Chicago Times editorial
November 23, 1863
It is not supposed by any one, we believe, that Mr. Lincoln is possessed of much polish in manners or conversation. His adherents, however, claim for him an average amount of common sense, and more than an ordinarily kind and generous heart. We have failed to distinguish his pre-eminence in the latter, and apprehend the former to be somewhat mythical, but imagine that his deficiencies herein being less palpable than in other qualities constituting a statesman have led his admirers greatly to overestimate him in these regards. These qualities are unfailing guides to appropriateness of speech and action in mixing with the world, however slight may have been the opportunities afforded their possessor for becoming acquainted with the usages of society.
The introduction of Dawdleism in a funeral sermon is an innovation upon established conventionalities, which, a year or two ago, would have been regarded with scorn by all who thought custom should, to a greater or less extent, be consulted in determining social and public proprieties. And the custom which forbids its introduction is founded on the propriety which grows out of the fitness of things, and is not therefore merely arbitrary, or confined to special localities, but has suggested to all nations the exclusion of political partianship in funeral discourses. Common sense, then, should have taught Mr. Lincoln that its intrusion upon such an occasion was an offensive exhibition of boorishness and vulgarity. An Indian in eulogizing the memories of warriors who had fallen in battle would avoid allusion to differences in the tribe which had no connection with the prevailing circumstances, and which he knew would excite unnecessarily the bitter prejudices of his hearers, Is Mr.

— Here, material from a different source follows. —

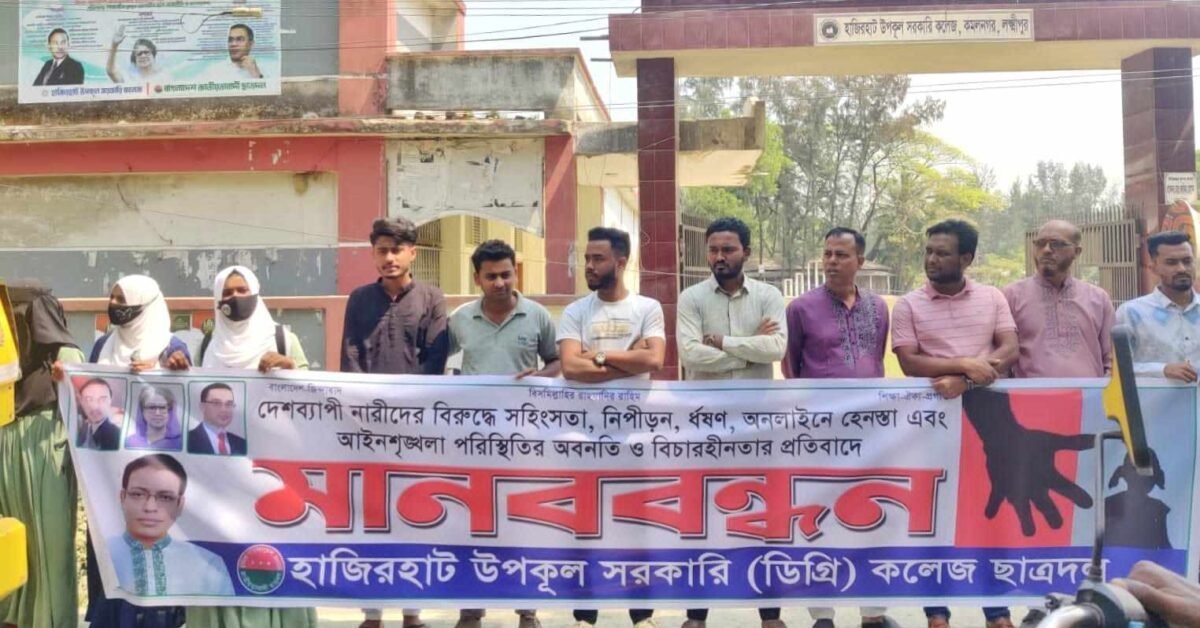 শিশু আছিয়ার ধর্ষকদের বিচারের দাবিতে কমলনগরে ছাত্রদলের মানববন্ধন

Lincoln less refined than a savage?
But aside from the ignorant rudeness manifest in the President’s exhibition of Dawdleism at Gettysburg,–and which was an insult at least to the memories of a part of the dead, whom he was there professedly to honor,–in its misstatement of the cause for which they died, it was a perversion of history so flagrant that the most extended charity cannot regard it as otherwise than willful. That, if we do him injustice, our readers may make the needed correction, we append a portion of his eulogy on the dead at Gettysburg:
“Four score and ten [sic] years ago our fathers brought forth upon this continent a nation consecrated [sic] to liberty and dedicated to the proposition that all men are created equal. [Cheers.] Now we are engaged in a great civil war, testing whether that nation or any other [sic] nation so consecrated [sic] and so dedicated can long endure.”
As a refutation of this statement, we copy certain clauses in the Federal constitution:
“Representatives and direct taxes shall be apportioned among the several States which may be included in this Union, according to their respective numbers, which shall be determined by adding to the whole number of free persons, including those bound to service for a term of years, and excluding Indians not taxed, three-fifths of all other persons.”
“The migration or importation of such persons as any of the States now existing shall think proper to admit shall not be prohibited by the Congress prior to the year 1808, but a tax or duty may be imposed on such importation, not exceeding ten dollars for each person.”
“No amendment to the constitution, made prior to 1808, shall affect the preceding clause.”
“No person held to service or labor in one State under the laws thereof, escaping into another, shall, in consequence of any law or regulation therein, be discharged from such service or labor, but shall be delivered up on claim of the party to whom such service or labor may be due.”
Do these provisions in the constitution dedicate the nation to “the proposition that all men are created equal”? Mr. Lincoln occupies his present position by virtue of this constitution, and is sworn to the maintenance and enforcement of these provisions. It was to uphold this constitution, and the Union created by it, that our officers and soldiers gave their lives at Gettysburg. How dared he, then, standing on their graves, misstate the cause for which they died, and libel the statesmen who founded the government? They were men possessing too much self-respect to declare that negroes were their equals, or were entitled to equal privileges.